Общеизвестно, что Платон ненавидел софистов, и в нашем последнем выпуске мы рассмотрели его причины. Но действительно ли софисты были не чем иным, как аморальными искателями правды, не имеющими собственных достоинств? Софисты были обучены тому, как сделать более слабое более сильным, и многие восприняли это как обман и интеллектуальную неряшливость. Но в мире, где греки считали себя выше негреков, рабство считалось естественным, а женщины не имели политической власти, не могло ли быть так, что более слабый случай часто был более справедливым? Возможно ли, что софисты на самом деле были «хорошими парнями», а из-за извращенного поворота истории а-ля Борхес вместо этого мы идеализировали Сократа и Платона?

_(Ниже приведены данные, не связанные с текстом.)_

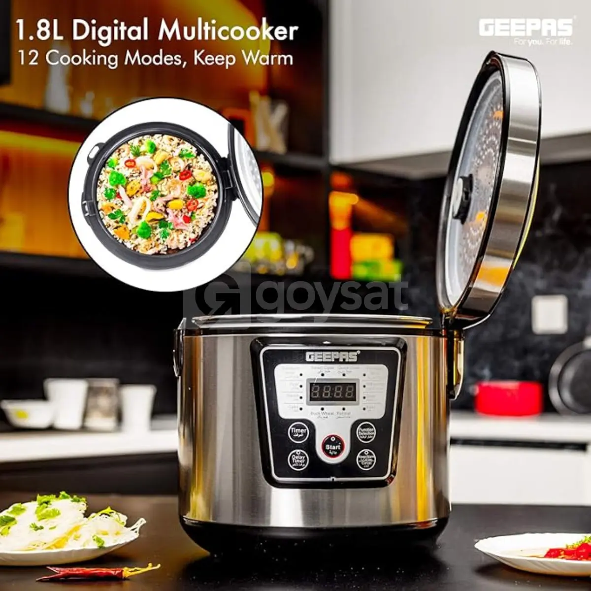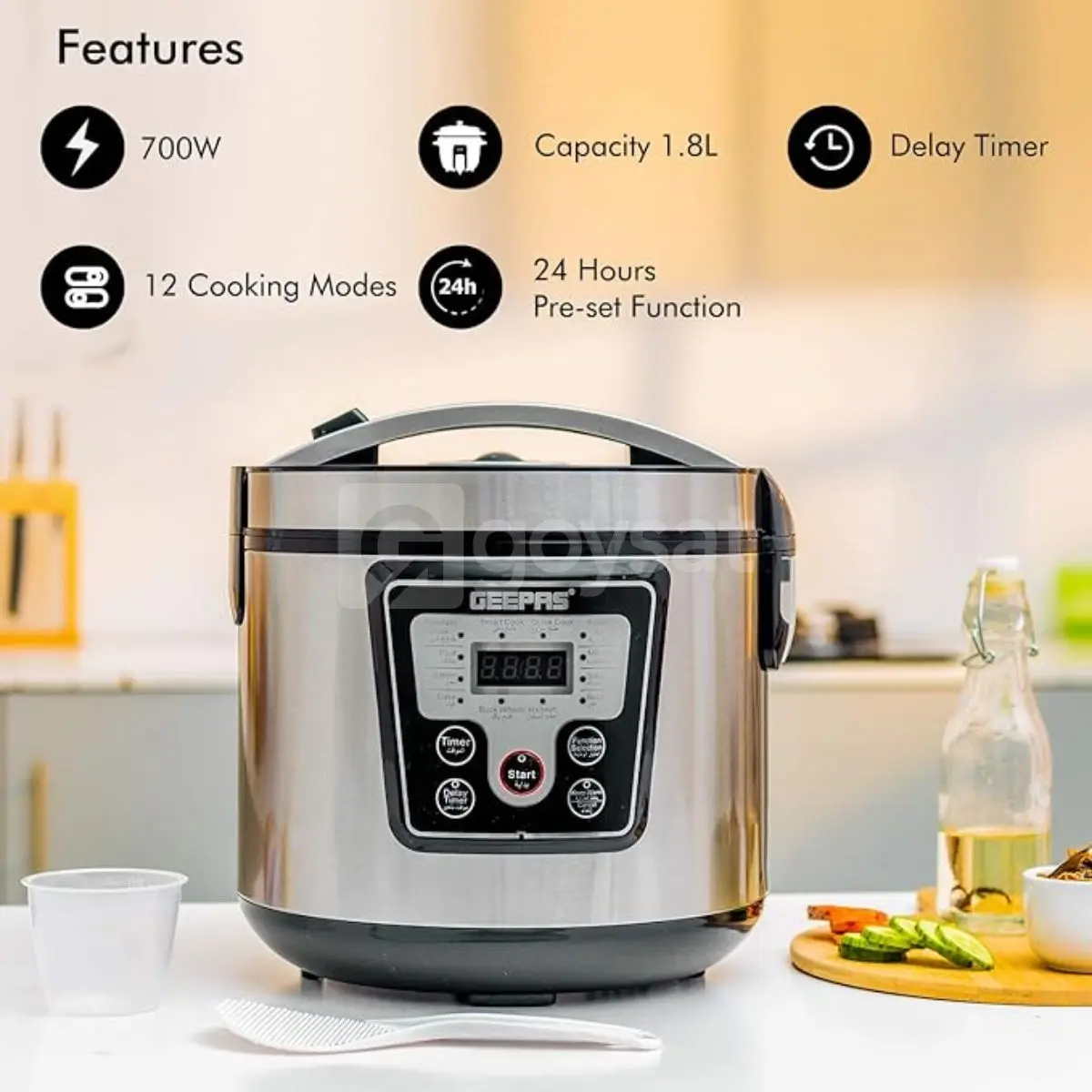 Geepas 700W 12’si 1 Arada Elektrikli Düdüklü Tencere, Buharlı Pişirici 1.8L Dijital Çok Amaçlı Pişirici Pişirme Modları, Siyah/Gümüş, , Çok Amaçlı Pişirici

Хотя такая крайняя инверсия, вероятно, не имеет места, софисты обладали многочисленными качествами, которые по большей части остались незамеченными, несмотря на усилия некоторых уважаемых ученых-классиков. Бернард Нокс (1994) писал, что Платон незаслуженно опорочил софистов, поскольку они были первыми профессорами гуманитарных наук и учителями риторики — искусства, столь необходимого в зарождающейся демократии Древней Греции. В своих усилиях покончить с тем, что он считал недостатками афинской демократии — политической коррупцией, нестабильной политикой, подхалимством — Платон также был полон решимости устранить гуманитарные науки и их ключевых представителей, софистов (стр. 9).8). В отрывке, который немного напоминает тему Предателя и Героя , Нокс пишет: , от космологических спекуляций, к человеческому миру, к моральным и политическим проблемам человечества. Но на самом деле это было достижением софистов, создавших образование, рассчитанное на первую великую демократию… Платон, конечно же, превратил слово «софисты» в ругательство, а также, хотя этот аспект его творчества упоминается редко, пытался подавить новые гуманитарные науки. (стр. 96–97)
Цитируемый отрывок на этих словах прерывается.